When exploring each parameter space, the analysis can quickly get very complicated. I discussed this in a 2012 blog post. In Evaluation and Optimization of Trading Strategies (2008), Robert Pardo wrote:
> Once optimization space exceeds two dimensions
> (indicators), the examination of results ranges
> from difficult to impossible.
To understand this, refer back to the graphic I pasted in Part 2. That is a three-dimensional graph with the subjective function occupying one dimension.
For a three-parameter system, I can barely begin to imagine a four-dimensional graph. The best I can do is to imagine a three dimensional graph moving through time. I’m not sure how I would evaluate that for “spike” or “plateau” regions, though: terms that refer to two dimensional drawings.
For a better visualization of what I’m trying to say here, this video shines light on Pardo’s words “difficult to impossible” (and if you can help me spatially understand the video then please e-mail).
Oh by the way, Kaufman’s system has seven parameters, which would require an eight-dimensional graph.
At the risk of repetition, I will say once again that Kaufman is not wrong. Just because it doesn’t work for me does not mean it is wrong for him.
And that is why I have pseudoscience in the title of this blog series. That is also why I use the term subjective instead of objective function. A true science would be right for everyone. Clearly this is not. It’s wrong for me and it should be wrong for you but it is never wrong for the individual or group who does the hard work to come up with and develop it.Categories: System Development | Comments (0) | Permalink
Today I want to continue through my e-mail correspondence with Perry Kaufman about his April article in Modern Trader.
> are not particularly sensitive to changes
> between 90 and 100 threshold levels, so I
> pick 95… Had it done well at 95 and badly
> at 90, I would have junked the program.
Junking the system and not writing an article on it would be the responsible thing to do. He can claim to be that person of upright morals but it doesn’t mean I should trade his system without doing the complete validation myself. I’m quite sure that even he would agree with this.
In response to my comments, Kaufman sent a final e-mail:
> I appreciate your tenacity in pursuing this…
> I’m simply providing what I think is the basic
> structure for something valuable. I had no
> intention of proving its validity scientifically…
> I’m interested in the ideas and I will then
> always validate them before using them. For
> me, the ideas are worth everything.
Kaufman essentially absolves himself of any responsibility here. He did nothing wrong in the article but I, as a reader, would be wrong to interpret it as anything more than a collection of ideas. It may look like a robust trading system but I have much work to do if I am to validate it and adopt it as my own.
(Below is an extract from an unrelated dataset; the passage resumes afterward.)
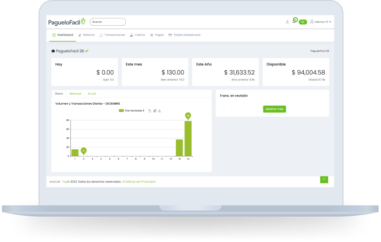 Te ofrecemos un panel administrativo o ‘Dashboard’ con las herramientas necesarias para solicitar tus cobros de manera rápida, personalizar tus solicitudes, bloquear fraudes y conocer más sobre tus clientes.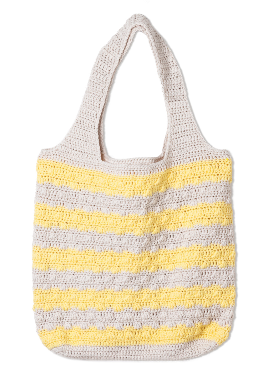 Lana Grossa-Qualität „Cotonella” (100 % (Pima) Baumwolle, LL = ca. 140 m/50 g): je ca. 150 g Pastellbeige (Fb. 202) und Gelb (Fb. 205); 1 Wollhäkelnadel Nr. 4.

What can give me the confidence required to stick with a trading system is the hard work summarized by the article but not the article itself. If the sweat labor is not mine then I am more likely to close up shop and lock in maximum losses when the market turns against me because paranoia, doubt, and worry will come home to roost. When I do the hard work myself (or with a team of others to proof my work) then I have a deeper understanding of context and limitations, which is what gives me the confidence necessary to stick with system guidelines.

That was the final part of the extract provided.